When a moving party submits affidavits or other evidence for the Court's consideration on a motion to dismiss, the Court ordinarily may not consider such materials unless the motion is treated as one for summary judgment. Fed. R. Civ. P. 12(d). Before converting a motion to dismiss to one for summary judgment, courts must give the nonmoving party "a reasonable opportunity to present all the material that is pertinent to the motion." Id. "Reasonable opportunity" has two requirements: (1) the nonmoving party must have some notice that the court is treating the Rule 12(b)(6) motion as a motion for summary judgment, and (2) the nonmoving party "must be afforded a reasonable opportunity for discovery" to obtain information essential to oppose the motion. Gay v. Wall, 761 F.2d 175, 177 (4th Cir. 1985) (citation omitted). To show that a reasonable opportunity for discovery has not been afforded, the nonmoving party must file an affidavit or declaration under Rule 56(d), or submit an equivalent request, explaining why "for specified reasons, it cannot present facts essential to justify its opposition." Fed. R. Civ. P. 56(d); see Harrods Ltd. v. Sixty Internet Domain Names, 302 F.3d 214, 245 (4th Cir. 2002).

Here, Townsend is on notice from the title of Defendants' motion that it may be treated as one seeking summary judgment, and he has not asserted a need for discovery. Instead, he has offered his own exhibits in support of his response and has filed a Cross-Motion for Summary Judgment. Although Townsend has not provided a declaration under oath despite being advised of his right to do so, his Complaint is verified and thus may be considered by the Court in ruling on a motion for summary judgment. See Williams v. Griffin, 952 F.2d 820, 823 (4th Cir. 1991) (holding that "a verified complaint is the equivalent of an opposing affidavit for summary judgment purposes, when the allegations contained therein are based on personal knowledge"). Accordingly, the Court construes Defendants' Motion as seeking summary judgment.

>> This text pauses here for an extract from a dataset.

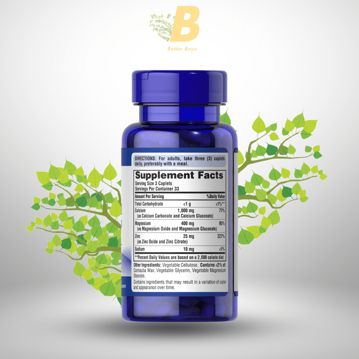 Puritan’s Pride Calcium Magnesium Zinc Caplets 100 Count
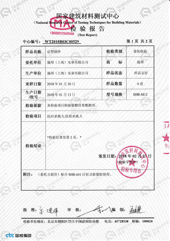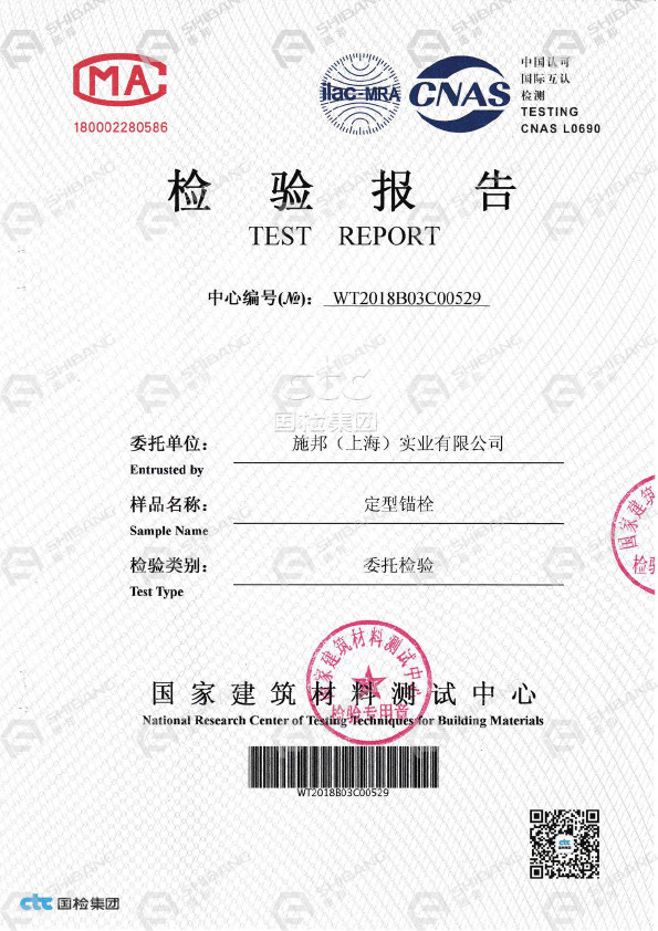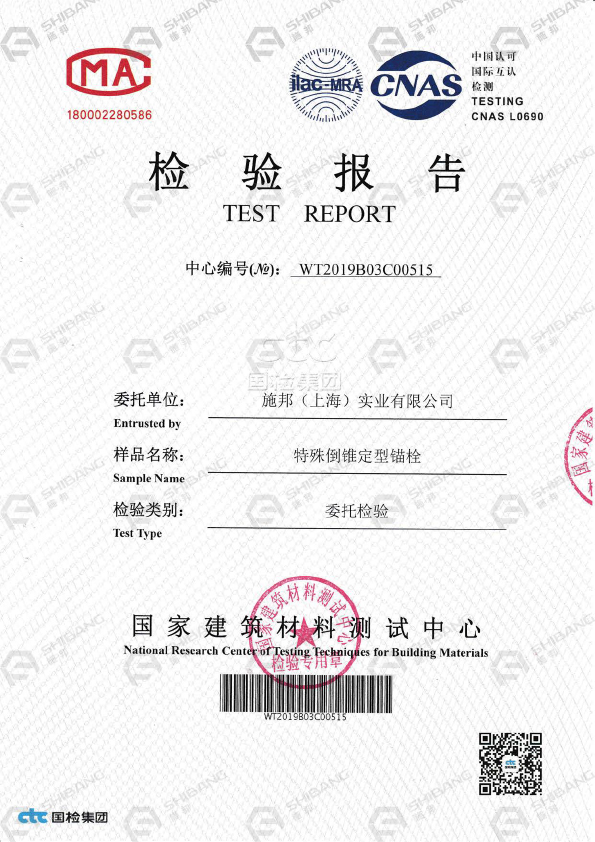 施邦研发出了特殊倒锥定型锚栓的专用植筋胶

Under Federal Rule of Civil Procedure 56, the Court grants summary judgment if the moving party demonstrates that there is no genuine issue as to any material fact, and that the moving party is entitled to judgment as a matter of law. Fed. R. Civ. P. 56(a); Celotex Corp. v. Catrett, 477 U.S. 317, 322 (1986). In assessing the Motion, the Court views the facts in the light most favorable to the nonmoving party, with all justifiable inferences drawn in its favor. Anderson v. Liberty Lobby, Inc., 477 U.S. 242, 255 (1986). The Court may rely only on facts supported in the record, not simply assertions in the pleadings. Bouchat v. Balt. Ravens Football Club, Inc., 346 F.3d 514, 522 (4th Cir. 2003). A fact is "material" if it "might affect the outcome of the suit under the governing law." Anderson, 477 U.S. at 248. A dispute of material fact is only "genuine" if sufficient evidence favoring the nonmoving party exists for the trier of fact to return a verdict for that party. Id. at 248-49.

B. Eighth Amendment

Townsend claims that his missed recreation time constitutes cruel and unusual punishment in violation of the Eighth Amendment. An Eighth Amendment violation must have both objective and subjective components. Williams v. Benjamin, 77 F.3d 756, 761 (4th Cir. 1996). The inmate must suffer an injury sufficiently serious that contemporary standards of decency have been violated. See id. "Since 'routine discomfort' is part of prison life," in order to demonstrate the objective component of a conditions-of-confinement claim, prisoners must demonstrate 'extreme' deprivations." Id. (quoting Hudson v. McMillian, 503 U.S. 1, 8-9 (1992)). Thus, while conditions that "deprive inmates of the minimal civilized measure of life's necessities" may amount to cruel and unusual punishment, conditions that are merely restrictive or even harsh, "are part of the penalty that criminal offenders pay for their offenses against society." Rhodes v. Chapman, 452 U. S. 337, 347 (1981). As for the subjective component, the Eighth Amendment requires a "sufficiently culpable state of mind" on the part of prison officials, Williams, 77 F.3d at 761, such as a "deliberate indifference" to the health and safety of inmates, Farmer v. Brennan, 511 U.S. 825, 828-29 (1994).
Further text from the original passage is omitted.